Download or read book Recasting the Vote written by Cathleen D. Cahill and published by UNC Press Books. This book was released on 2020-09-29 with total page 373 pages. Available in PDF, EPUB and Kindle. Book excerpt: We think we know the story of women's suffrage in the United States: women met at Seneca Falls, marched in Washington, D.C., and demanded the vote until they won it with the ratification of the Nineteenth Amendment. But the fight for women's voting rights extended far beyond these familiar scenes.

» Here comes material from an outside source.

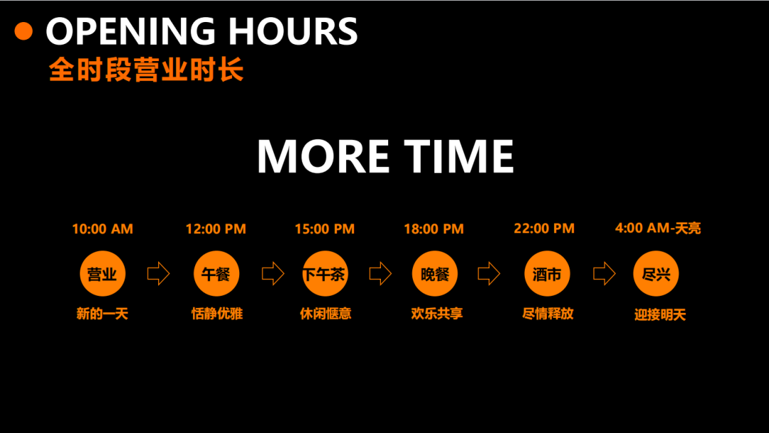 所谓全时段不是指24小时开店,而是丰富品类,早上提供早餐,中午提供午餐,下午提供下午茶,晚上还能提供酒精饮料,顾客什么时间来,都有消费的可能。
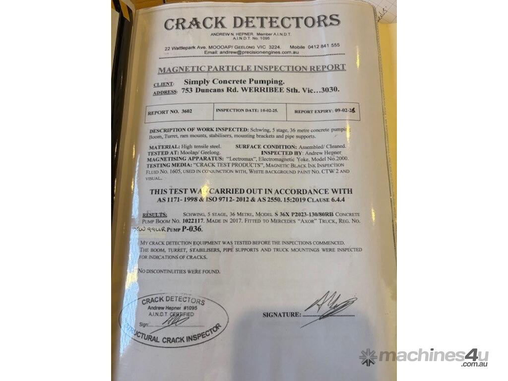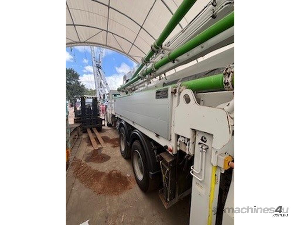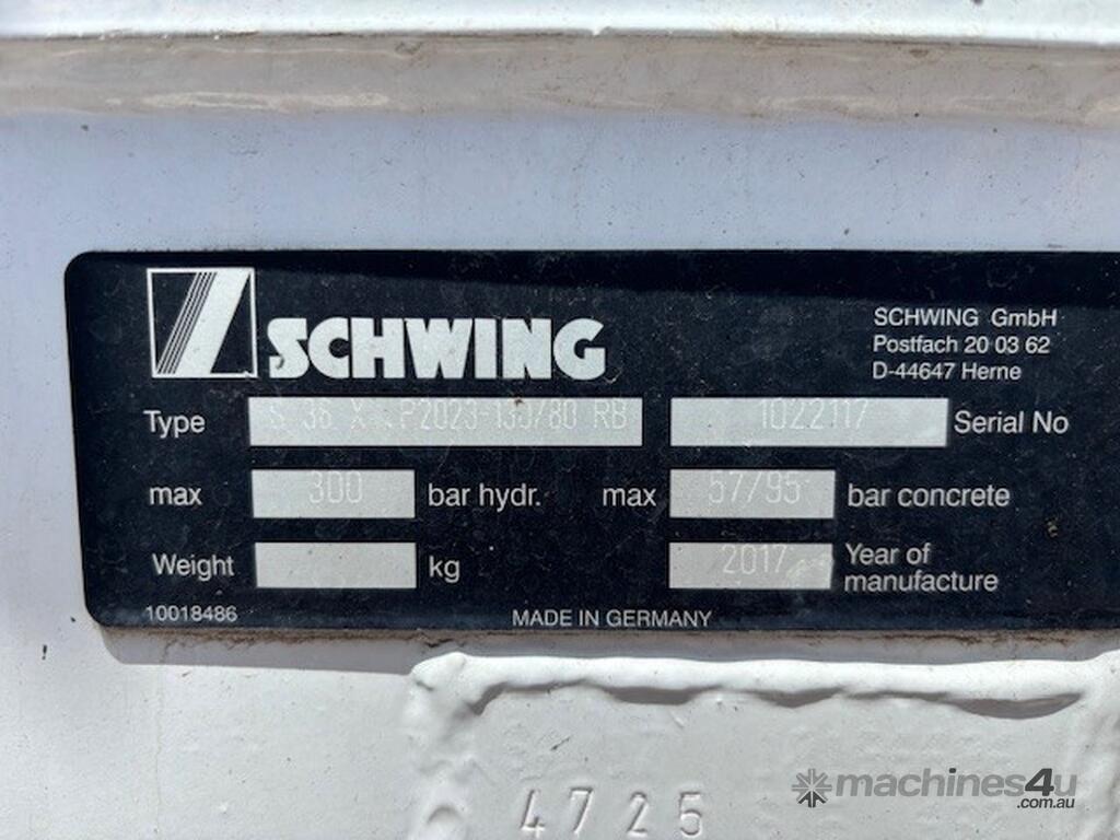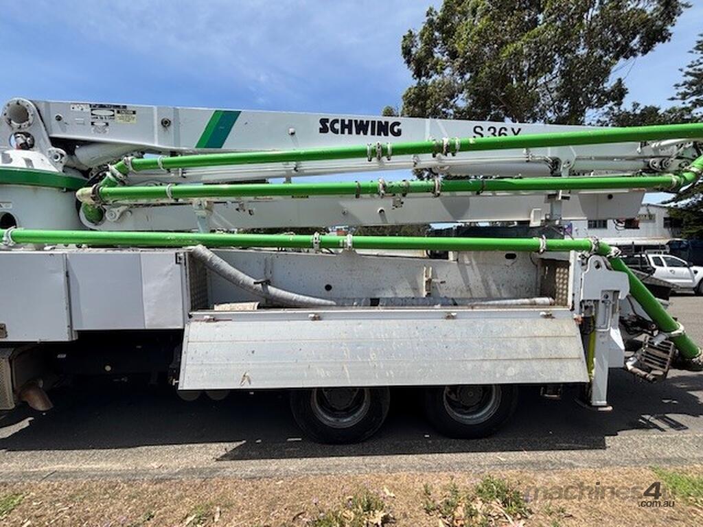 Immaculate ready to work Schwing 36X with new hoses full reg NHR ideal starter rig, comes with training if sold within Australia, great all-round condition in stock and available now. Schwing, the best in pumps available, all history, log books pipe thicknesses etc,etc, everything about this truck and pump is right. Remote control, pressure washer, clean hopper maintained regardless of cost, semi-auto gearbox for the truck.

From social clubs in New York's Chinatown to conferences for Native American rights, and in African American newspapers and pamphlets demanding equality for Spanish-speaking New Mexicans, a diverse cadre of extraordinary women struggled to build a movement that would truly include all women, regardless of race or national origin. In Recasting the Vote, Cathleen D. Cahill tells the powerful stories of a multiracial group of activists who propelled the national suffrage movement toward a more inclusive vision of equal rights. Cahill reveals a new cast of heroines largely ignored in earlier suffrage histories: Marie Louise Bottineau Baldwin, Gertrude Simmons Bonnin (Zitkala-Ša), Laura Cornelius Kellogg, Carrie Williams Clifford, Mabel Ping-Hua Lee, and Adelina "Nina" Luna Otero-Warren. With these feminists of color in the foreground, Cahill recasts the suffrage movement as an unfinished struggle that extended beyond the ratification of the Nineteenth Amendment. As we celebrate the centennial of a great triumph for the women's movement, Cahill's powerful history reminds us of the work that remains.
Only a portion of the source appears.